→ Try it: When you copy the data, keep every line exactly as written and skip the pictures.
BEGIN Records to process
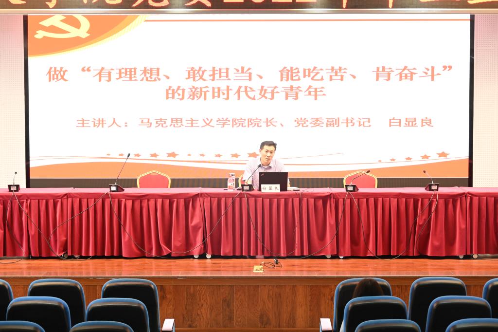 集中教育培训第一课,由学院院长、党委副书记白显良作《做“有理想、敢担当、能吃苦、肯奋斗”的新时代好青年》专题党课。白显良院长结合习近平总书记七年知青岁月的奋斗故事,向全体毕业生党员阐述了新时代好青年十二字标准的意义、内涵与要求,引导全体毕业生党员要做有理想的青年,坚持将个人追求与社会期待、将个人小我与社会大我相统一;要做敢担当的青年,要担责任,对自身的社会责任和角色要有清晰的认识,也要担重担难担险,要有敢于闯难关,要有敢于攻坚克难的意志和能力;要做能吃苦的青年,要不断锤炼为了实现青年梦想而敢于吃苦的顽强意志;更要做肯奋斗的青年,将自身的理想抱负用实际行动书写在祖国大地上。最后,面对即将步入社会、走上新征程的全体毕业生党员,白显良院长满怀深情的赠出十二句人生箴言,激励全体毕业生党员开拓更广阔的未来。
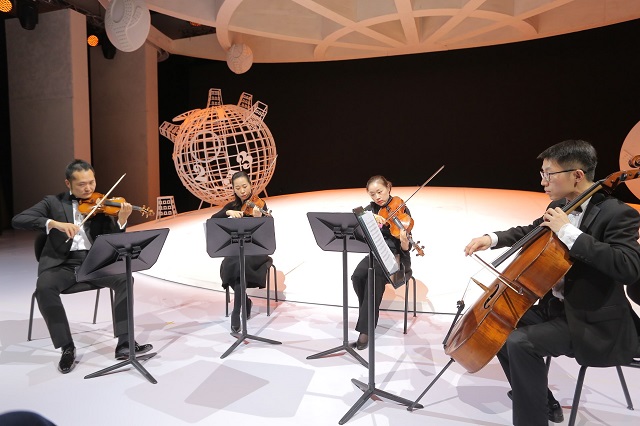 在大劇院公共空間,精心為觀眾準(zhǔn)備了各種“邂逅”藝術(shù)的驚喜。北水下廊道,《唐璜》《羅密歐與朱麗葉》等劇中人,身著戲服,頻頻與觀眾互動(dòng)。北玻璃幕墻下,整點(diǎn)奏響《節(jié)日序曲》《凱旋進(jìn)行曲》報(bào)時(shí)。原創(chuàng)舞劇《天路》中的演員帶來的舞蹈快閃,更是將氣氛推向高潮。南玻璃幕墻下《國家大劇院》雜志的展示區(qū)別具特色。至今已發(fā)行126期的《國家大劇院》雜志用藝術(shù)故事和名家名團(tuán)集萃陪伴公眾。不少觀眾在互動(dòng)專區(qū)拍起了“創(chuàng)意紀(jì)念照”,成為《國家大劇院》雜志的“封面人物”。西咖啡廳中,藝術(shù)家在全天5個(gè)時(shí)段近距離為觀眾演奏《匈牙利舞曲》《小步舞曲》《梁?!贰恫试谱吩隆贰赌夏酁场贰顿愸R》等耳熟能詳?shù)那?。戲劇場入口,北方昆曲劇院的演員為大家演繹《牡丹亭》《貴妃醉酒》等昆曲與京劇名段。
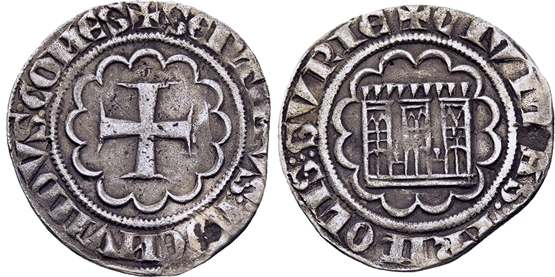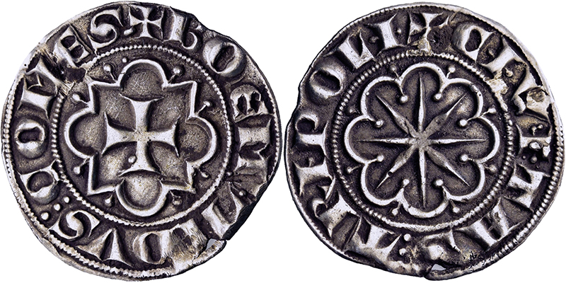 Ausland, KREUZFAHRERSTAATEN, TRIPOLIS, GRAFSCHAFT Boémond VII. 1275-1287, Gros o.J. Kreuz in Zwölfpass. Rs: Torburg in Zwölfpass (2; 1 Ex. mit winzigen Randausbrüchen; ss). Dazu 1/2 Gros (s-ss, Fassungsspuren). Metcalf 360. 3 St.
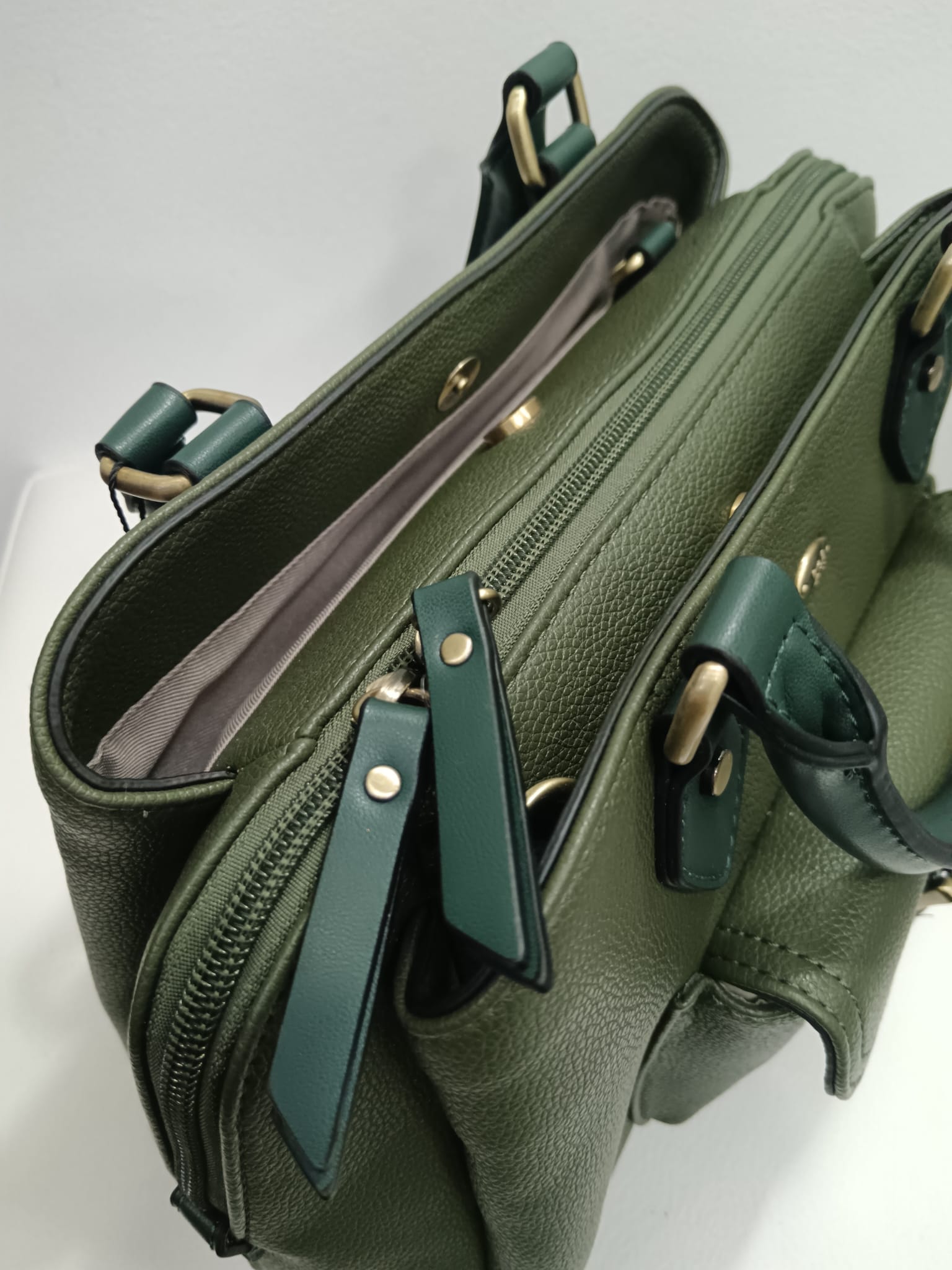 compartimento principal com zíper + 2 bolsos adicionais com fecho magnético.
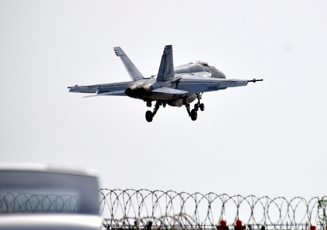 米海軍艦載機 F/A-18E スーパーホーネット 戦闘攻撃機(岩国基地)、NF、306番機が着陸 |
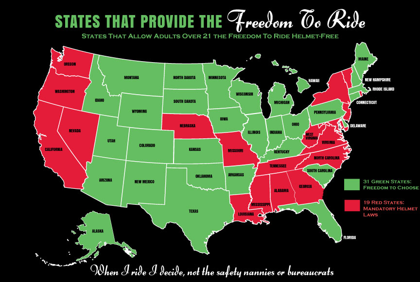 Tennessee is one of only 19 states to require the driver of a motorcycle and any passenger to wear a helmet. The law not only takes away the individual liberty of motorcyclists in Tennessee and those traveling through the state; it costs the state significant tourism revenues.
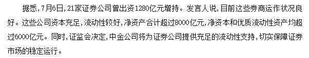 5.证监会再推两条救市措施:一是限制股东和高管通过二级市场减持,二是要求已经减持的大股东及高管增持股票,共克时艰。
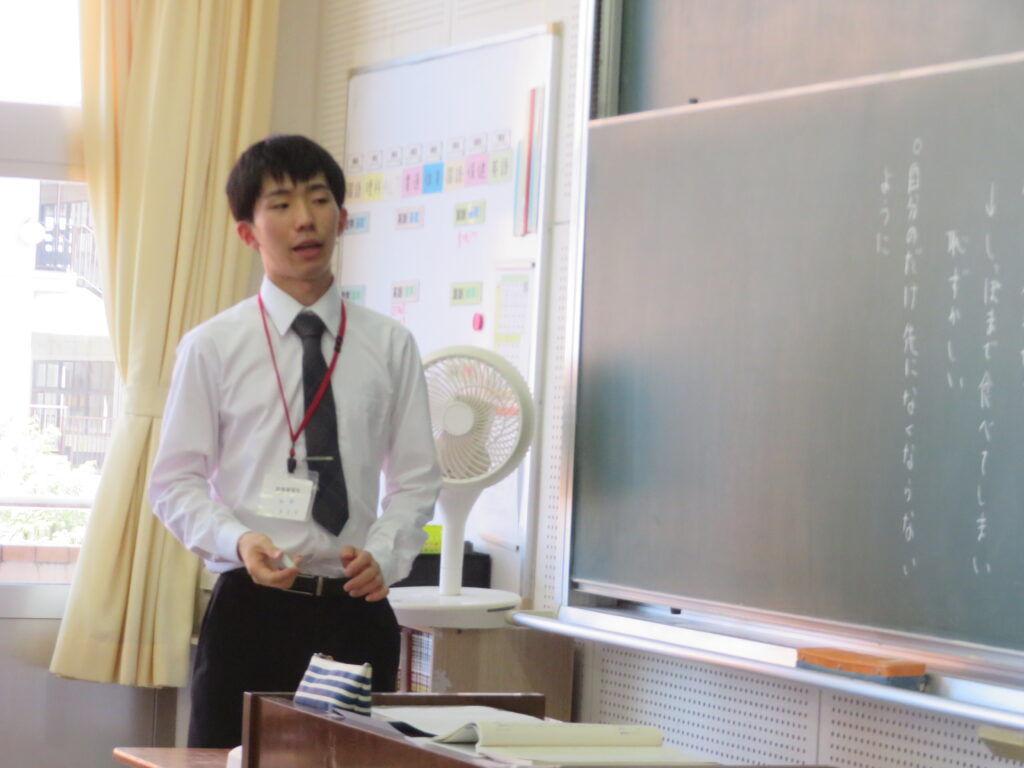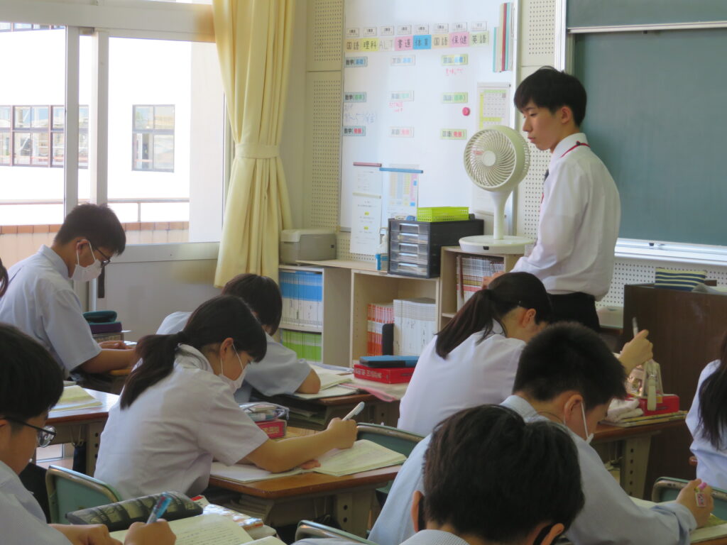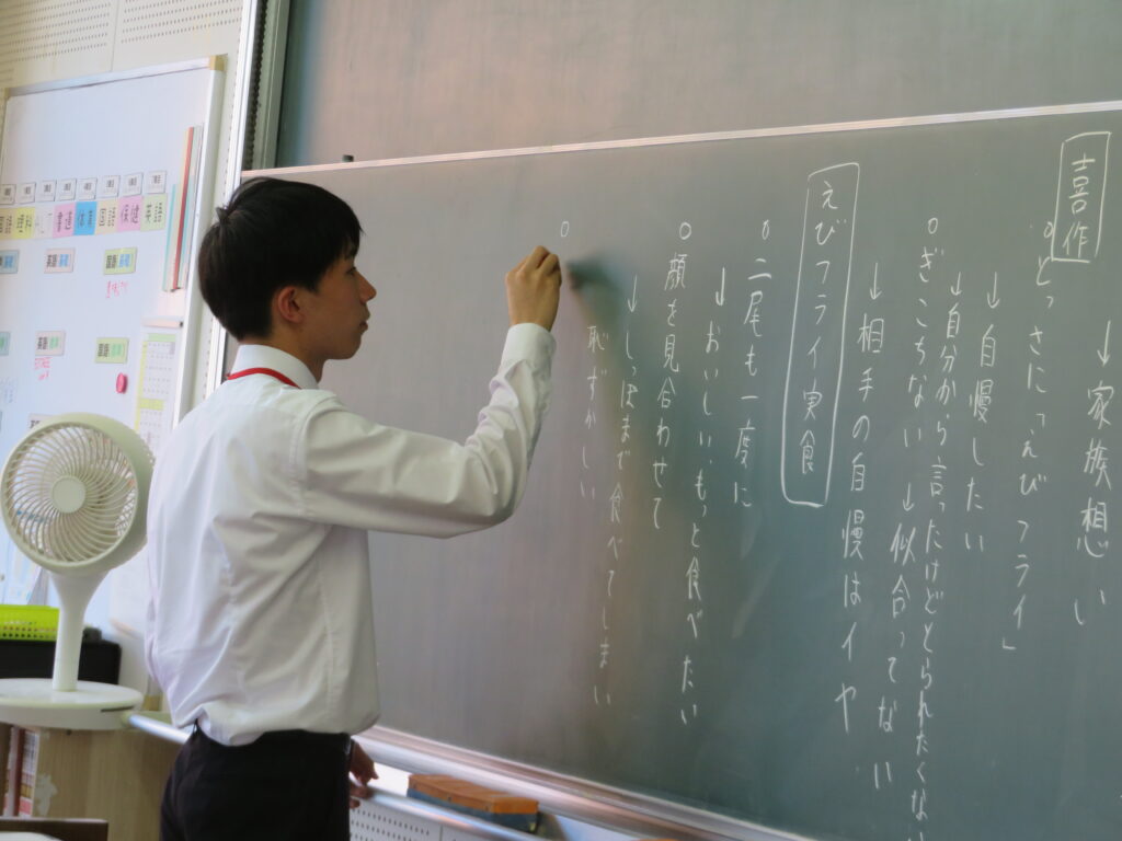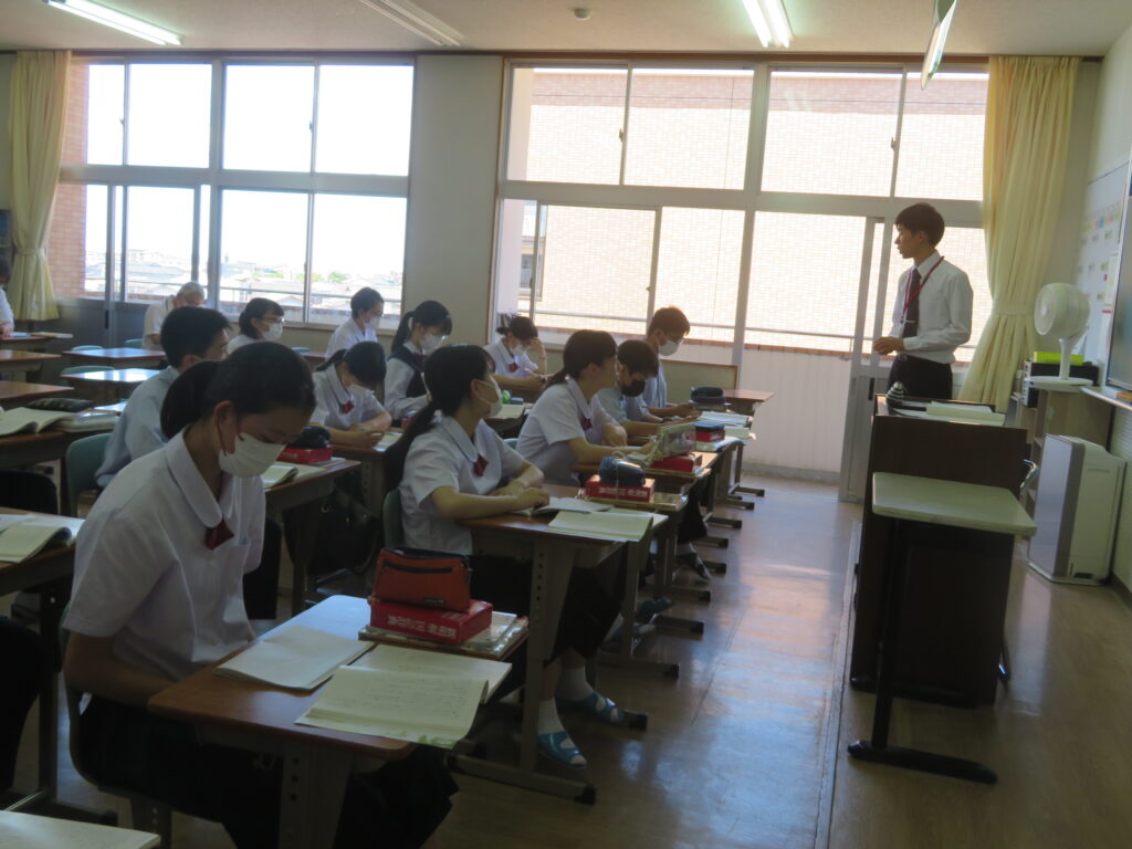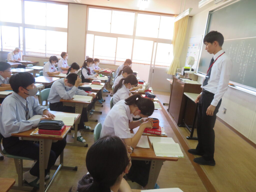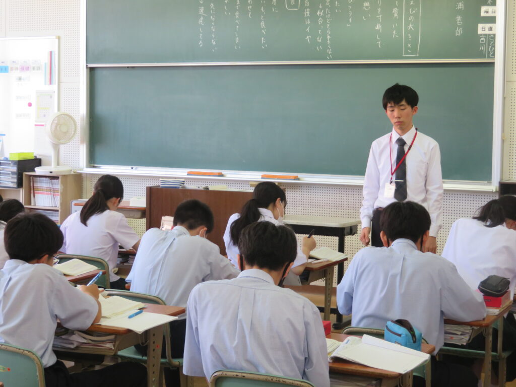 5月末から教育実習生として、鵬翔中学校の卒業生(第13期生)である二見亘俊先生(九州大学・文学部)が来てくれています。今日は、J2で国語の研究授業を行いました。
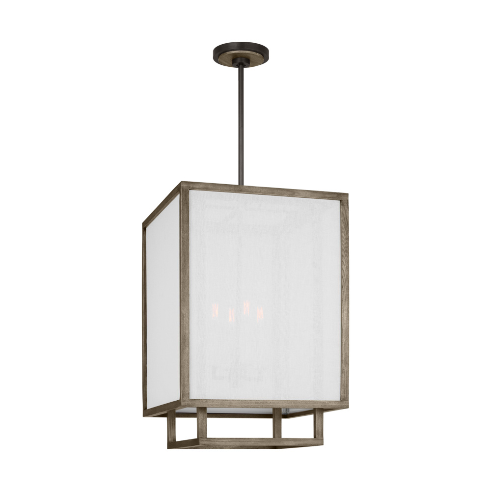 Layering is the signature staple of the Brockway series by Thom Felicia. The wood-frame-within-a-wood frame design is sheltered with linen panels allowing a hint of the architecture within to be experienced directly, while the remainder is seen diffused through the linen. The result is a light source of direct light downward and softened light through the side panel veils, creating a perfect illumination for any space.
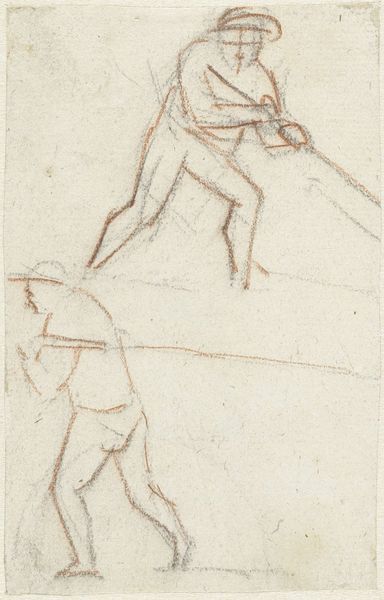 This sketch by Simon Andreas Krausz, rendered in pencil, depicts two studies of a hunter, capturing gestures of labor and transit. Note the rifle or tool each figure carries, a symbol of both provision and potential violence. This motif extends far back, echoing in the staffs of biblical figures like Moses, symbols of authority and divine purpose, or even further, to the clubs wielded by early depictions of Hercules, emblems of raw power and heroic struggle. Consider how the weight of the tool and the hunter's posture reflect a universal narrative of toil and survival, a theme deeply embedded in our collective memory. These figures engage us on a subconscious level, reminding us of humanity’s perennial dance between necessity and innovation. Observe how the hunter figure has persisted, evolving from a mere provider into a symbol laden with cultural and psychological weight, constantly reappearing in our collective consciousness.
END Records to process
→ Completed exercise:
 集中教育培训第一课,由学院院长、党委副书记白显良作《做“有理想、敢担当、能吃苦、肯奋斗”的新时代好青年》专题党课。白显良院长结合习近平总书记七年知青岁月的奋斗故事,向全体毕业生党员阐述了新时代好青年十二字标准的意义、内涵与要求,引导全体毕业生党员要做有理想的青年,坚持将个人追求与社会期待、将个人小我与社会大我相统一;要做敢担当的青年,要担责任,对自身的社会责任和角色要有清晰的认识,也要担重担难担险,要有敢于闯难关,要有敢于攻坚克难的意志和能力;要做能吃苦的青年,要不断锤炼为了实现青年梦想而敢于吃苦的顽强意志;更要做肯奋斗的青年,将自身的理想抱负用实际行动书写在祖国大地上。最后,面对即将步入社会、走上新征程的全体毕业生党员,白显良院长满怀深情的赠出十二句人生箴言,激励全体毕业生党员开拓更广阔的未来。
 在大劇院公共空間,精心為觀眾準(zhǔn)備了各種“邂逅”藝術(shù)的驚喜。北水下廊道,《唐璜》《羅密歐與朱麗葉》等劇中人,身著戲服,頻頻與觀眾互動(dòng)。北玻璃幕墻下,整點(diǎn)奏響《節(jié)日序曲》《凱旋進(jìn)行曲》報(bào)時(shí)。原創(chuàng)舞劇《天路》中的演員帶來的舞蹈快閃,更是將氣氛推向高潮。南玻璃幕墻下《國家大劇院》雜志的展示區(qū)別具特色。至今已發(fā)行126期的《國家大劇院》雜志用藝術(shù)故事和名家名團(tuán)集萃陪伴公眾。不少觀眾在互動(dòng)專區(qū)拍起了“創(chuàng)意紀(jì)念照”,成為《國家大劇院》雜志的“封面人物”。西咖啡廳中,藝術(shù)家在全天5個(gè)時(shí)段近距離為觀眾演奏《匈牙利舞曲》《小步舞曲》《梁?!贰恫试谱吩隆贰赌夏酁场贰顿愸R》等耳熟能詳?shù)那?。戲劇場入口,北方昆曲劇院的演員為大家演繹《牡丹亭》《貴妃醉酒》等昆曲與京劇名段。
 Ausland, KREUZFAHRERSTAATEN, TRIPOLIS, GRAFSCHAFT Boémond VII. 1275-1287, Gros o.J. Kreuz in Zwölfpass. Rs: Torburg in Zwölfpass (2; 1 Ex. mit winzigen Randausbrüchen; ss). Dazu 1/2 Gros (s-ss, Fassungsspuren). Metcalf 360. 3 St.
 compartimento principal com zíper + 2 bolsos adicionais com fecho magnético.
 米海軍艦載機 F/A-18E スーパーホーネット 戦闘攻撃機(岩国基地)、NF、306番機が着陸 |
 Tennessee is one of only 19 states to require the driver of a motorcycle and any passenger to wear a helmet. The law not only takes away the individual liberty of motorcyclists in Tennessee and those traveling through the state; it costs the state significant tourism revenues.
 5.证监会再推两条救市措施:一是限制股东和高管通过二级市场减持,二是要求已经减持的大股东及高管增持股票,共克时艰。
 5月末から教育実習生として、鵬翔中学校の卒業生(第13期生)である二見亘俊先生(九州大学・文学部)が来てくれています。今日は、J2で国語の研究授業を行いました。
 Layering is the signature staple of the Brockway series by Thom Felicia. The wood-frame-within-a-wood frame design is sheltered with linen panels allowing a hint of the architecture within to be experienced directly, while the remainder is seen diffused through the linen. The result is a light source of direct light downward and softened light through the side panel veils, creating a perfect illumination for any space.
 This sketch by Simon Andreas Krausz, rendered in pencil, depicts two studies of a hunter, capturing gestures of labor and transit. Note the rifle or tool each figure carries, a symbol of both provision and potential violence. This motif extends far back, echoing in the staffs of biblical figures like Moses, symbols of authority and divine purpose, or even further, to the clubs wielded by early depictions of Hercules, emblems of raw power and heroic struggle. Consider how the weight of the tool and the hunter's posture reflect a universal narrative of toil and survival, a theme deeply embedded in our collective memory. These figures engage us on a subconscious level, reminding us of humanity’s perennial dance between necessity and innovation. Observe how the hunter figure has persisted, evolving from a mere provider into a symbol laden with cultural and psychological weight, constantly reappearing in our collective consciousness.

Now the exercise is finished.